» HOW TO COMPLETE THIS TASK: The lines below from the one with "This stunning satin" up to and including the one with "TRAVELSutera@Mantanani terletak di" are what you should set down, exactly and without pictures.

» AVAILABLE DATA:
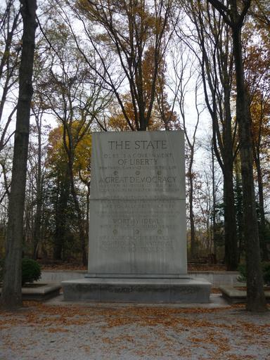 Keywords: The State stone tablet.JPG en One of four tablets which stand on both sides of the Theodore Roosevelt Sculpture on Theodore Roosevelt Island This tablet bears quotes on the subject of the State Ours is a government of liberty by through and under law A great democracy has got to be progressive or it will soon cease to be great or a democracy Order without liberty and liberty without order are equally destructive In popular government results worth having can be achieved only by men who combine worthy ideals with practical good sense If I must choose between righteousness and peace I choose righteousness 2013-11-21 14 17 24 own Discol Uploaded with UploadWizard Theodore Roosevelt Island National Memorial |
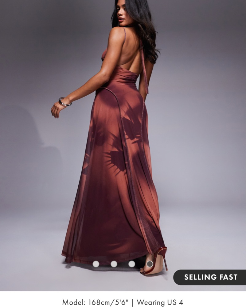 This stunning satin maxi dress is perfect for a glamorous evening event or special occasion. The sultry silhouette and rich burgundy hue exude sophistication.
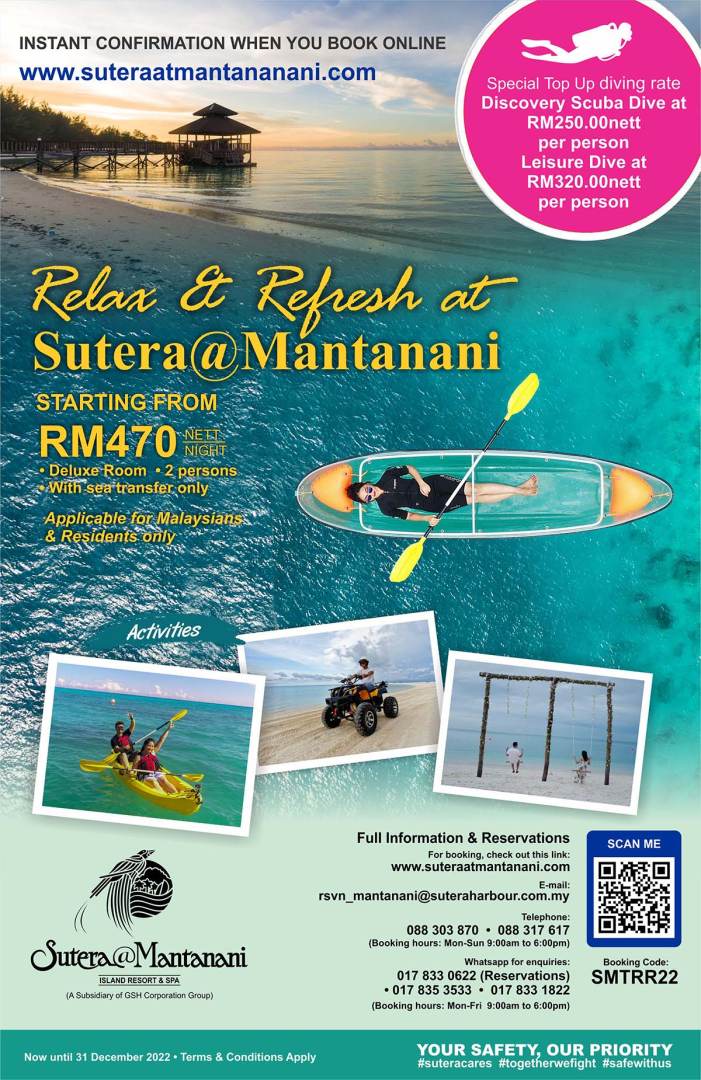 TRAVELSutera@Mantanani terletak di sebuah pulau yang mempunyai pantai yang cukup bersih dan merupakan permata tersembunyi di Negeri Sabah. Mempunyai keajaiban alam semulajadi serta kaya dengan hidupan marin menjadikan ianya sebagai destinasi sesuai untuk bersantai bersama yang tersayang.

* * *

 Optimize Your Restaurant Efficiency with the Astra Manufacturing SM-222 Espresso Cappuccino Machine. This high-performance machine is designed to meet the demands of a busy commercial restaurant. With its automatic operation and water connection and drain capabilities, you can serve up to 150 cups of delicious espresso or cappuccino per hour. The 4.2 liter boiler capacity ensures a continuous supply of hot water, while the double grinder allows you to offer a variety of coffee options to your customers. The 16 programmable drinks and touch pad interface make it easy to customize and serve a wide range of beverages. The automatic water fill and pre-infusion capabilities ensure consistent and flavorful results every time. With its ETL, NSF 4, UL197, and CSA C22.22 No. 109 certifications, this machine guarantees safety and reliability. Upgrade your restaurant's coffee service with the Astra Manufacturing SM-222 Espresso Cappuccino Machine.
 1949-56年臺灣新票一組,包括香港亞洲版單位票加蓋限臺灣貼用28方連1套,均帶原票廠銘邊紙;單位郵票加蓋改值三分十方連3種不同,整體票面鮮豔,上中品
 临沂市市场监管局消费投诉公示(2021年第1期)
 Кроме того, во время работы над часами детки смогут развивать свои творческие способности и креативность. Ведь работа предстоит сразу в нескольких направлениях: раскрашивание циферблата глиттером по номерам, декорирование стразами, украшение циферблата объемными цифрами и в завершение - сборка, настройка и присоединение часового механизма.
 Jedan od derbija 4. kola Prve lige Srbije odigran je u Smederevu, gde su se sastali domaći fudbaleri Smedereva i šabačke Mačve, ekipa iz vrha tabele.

» EXPECTED ANSWER:
 This stunning satin maxi dress is perfect for a glamorous evening event or special occasion. The sultry silhouette and rich burgundy hue exude sophistication.
 TRAVELSutera@Mantanani terletak di sebuah pulau yang mempunyai pantai yang cukup bersih dan merupakan permata tersembunyi di Negeri Sabah. Mempunyai keajaiban alam semulajadi serta kaya dengan hidupan marin menjadikan ianya sebagai destinasi sesuai untuk bersantai bersama yang tersayang.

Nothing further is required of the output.